The Congress-suggested cut in US aid to Pakistan "was a reflection of the mood of these think tanks only", he added.

The senior Pakistani journalist added said that when he had visited the US last year, he met officials from four major think tanks and all them were supporting Musharraf and had little interest in Nawaz Sharif and Benazir Bhutto.

But when he visited this year, the situation was "different".

"All the think tanks seemed very critical of General Musharraf.
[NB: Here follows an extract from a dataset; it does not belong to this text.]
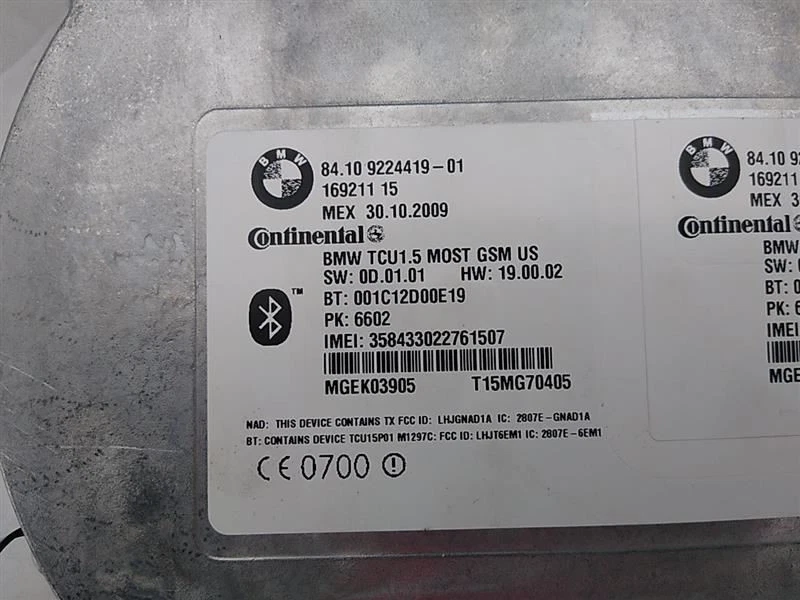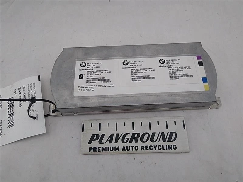 Welcome to Playground - Premium Auto Recycling Feedback [ Add to Favorite Seller me Our eBay STORE New Arrivals All Items Contact Us Most ITEMS SHIPPED WITHIN 2 Business Days Trusted Store customer service is our top priority Product information BMW 328i E90 Sedan Bluetooth Telematics Control Module Fits 2007-2011 Review photos this is your actual part Donor Vehicle: Model: 328I Year: 2010 Miles: 117000 - 0=N/A or Unknown Stock #: 240590 Video: Go to YouTube and search for: "Playground PAR 240590" Part Detail: Part Placement: Options/Color: Sedan,E90,Naturally Aspirated,Auto,A Description: Bluetooth Telematics Control Module 8410922441901 Inventory ID: 67711 Description Bluetooth Telematics Control Module 8410922441901 This part will fit these makes and models with these options BMW 328i 07-10 Communication; telematics control unit (phone) BMW 535i 08 Communication; (telematics control unit, phone), from 3/08 BMW 535i 09-11 Communication; telematics control unit (phone) BMW 750i 09-10 Communication; telematics combox (LH trunk) BMW 760i 10 Communication; telematics combox (LH trunk) BMW X5 08 Communication; (telematics control unit, phone), from 3/08 BMW X5 09-10 Communication; (telematics control unit, phone) BMW X5M 10-13 Communication; (telematics control unit, phone) BMW X6 08 Communication; (telematics control unit, phone), from 3/08 BMW X6 09-11 Communication; (telematics control unit, phone) BMW X6M 10-14 Communication; (telematics control unit, phone) BMW Z4 09-16 Communication; (Rdstr), (telematics control unit, phone) Shipping Playground PAR, LLC ships to US addresses within the continental 48 states. Shipping to Alaska, Hawaii, Puerto Rico, APO, FPO or PO Box addresses and International is available for select parts only. Please contact us through eBay messaging for details and shipping rates for other items. Local Pick-up at our facilities is available. Please contact us prior to your purchase to arrange local pick-up. Please allow up to 10 days for delivery unless your part is included in eBay's Guaranteed Delivery Program. Most areas in the US are within 5 days. If an item arrives damaged, please contact us via eBay messaging within 24 hours for assistance. Warranty Return Policy All parts we sell come with a 3 0 Day Money Back Guarantee unless otherwise stated. The 30 day period starts when the item is delivered. Please contact us through eBay messaging for a Return Merchandise Authorization Number (RMA) before returning any part. We do not cover the cost of labor charges during the installation of your parts. All original shipping costs are non-refundable. Parts must be returned in the same condition as when you received the part. Buyer is responsible for all return shipping costs. Please use the Contact Seller feature if you have questions. Warranty All of our parts (except AS-IS and PARTS ONLY parts) are covered under 60 day warranty. Our warranty policy is below: 60 days starts as of the date of purchase. All requirements of our return policy are part of our warranty policy. This includes the purchaser paying for return shipping. There are no reimbursements for labor, diagnostics, towing, car rental, lost wages, programming or reprogramming. The warranty is for the original purchaser only and is not transferable or assignable. This warranty only covers when parts are used in normal driving conditions and does not cover accidents, abuse, neglect, improper installation, improper maintenance, off-road or use outside of the proper vehicle. Playground may choose to repair, replace or refund the part based on available stock at our discretion. Playground reserves the right to use a repair facility of its choosing to diagnose or perform a warranty claim repair. Parts are not covered for external fluid leaks. We recommend that seals and gaskets be replaced as part of the repair process. Proof of proper lubrication and refilling of components is a requirement for warranty claims. Many electronic modules and components require programming. This process must be followed or the part may not operate correctly, or may be damaged. Proof of programming is required for a warranty claim. Major components are stamped and may have heat sensitive tabs attached to indicated overheating that would void warranty. Warranty covers the base component and none of the other attached parts. We are selling the single part and other parts left attached are there for possible convenience or to protect the part we are selling. These extra attached parts are not covered by any warranty. At no time will the warranty claim ever exceed the original purchase price of the part. Payment Playground PAR, LLC only accepts Ebay Managed Payments for items in our eBay Store. Sales tax will be applied to all orders due to Ebay Policy. Contact Us Please contact us prior to purchasing this part if you have any questions regarding our business policies, the warranties or guaranties we offer or the fitment of this part with your vehicle. Want better photos? Contact us, we can get them to you. We strive to make sure your vehicles repair needs are met the first time you order a part through our store on eBay. To do so, we are happy to verify your vehicles VIN number prior to your purchase, please use the Contact Seller feature within the eBay listing. Â Playground PAR, LLC ships to US addresses within the continental 48 states. Shipping to Alaska, Hawaii, Puerto Rico, APO, FPO or PO Box addresses and International is available for select parts only. Please contact us through eBay messaging for details and shipping rates for other items. Local Pick-up at our facilities is available. Please contact us prior to your purchase to arrange local pick-up. Please allow up to 10 days for delivery unless your part is included in eBay's Guaranteed Delivery Program. Most areas in the US are within 5 days. If an item arrives damaged, please contact us via eBay messaging within 24 hours for assistance. Return Policy All parts we sell c

The State Department and Pentagon are supporting Musharraf but the think tanks have moved away from him.

Now they are talking about a post-Musharraf period and think that he is history," the Daily Times quoted its Editor Najam Sethi as saying in an interview with PTV on Monday evening.

Sethi said that American think tanks were concerned that Musharraf had not put a system in place in Pakistan that would ensure the continuity of his good works when he is no longer in power.

The US think tanks feared that if something happened to Musharraf, who has already been the target of several assassination attempts, or there is a crisis of legitimacy surrounding his position, "then there would be no political system in place to continue Musharraf's good work", said Sethi.

Suggesting that Washington was moving closer to New Delhi as compared to Islamabad, Sethi said: "The US is not concerned about who is getting powerful and it only watches its own interest. Now it is moving towards a strategic relationship with India over the head of Pakistan."

Good relations between India and Pakistan were more in the latter's interest than the former, he said and added: "At the end of the day, it is Pakistan that has suffered in all conflicts."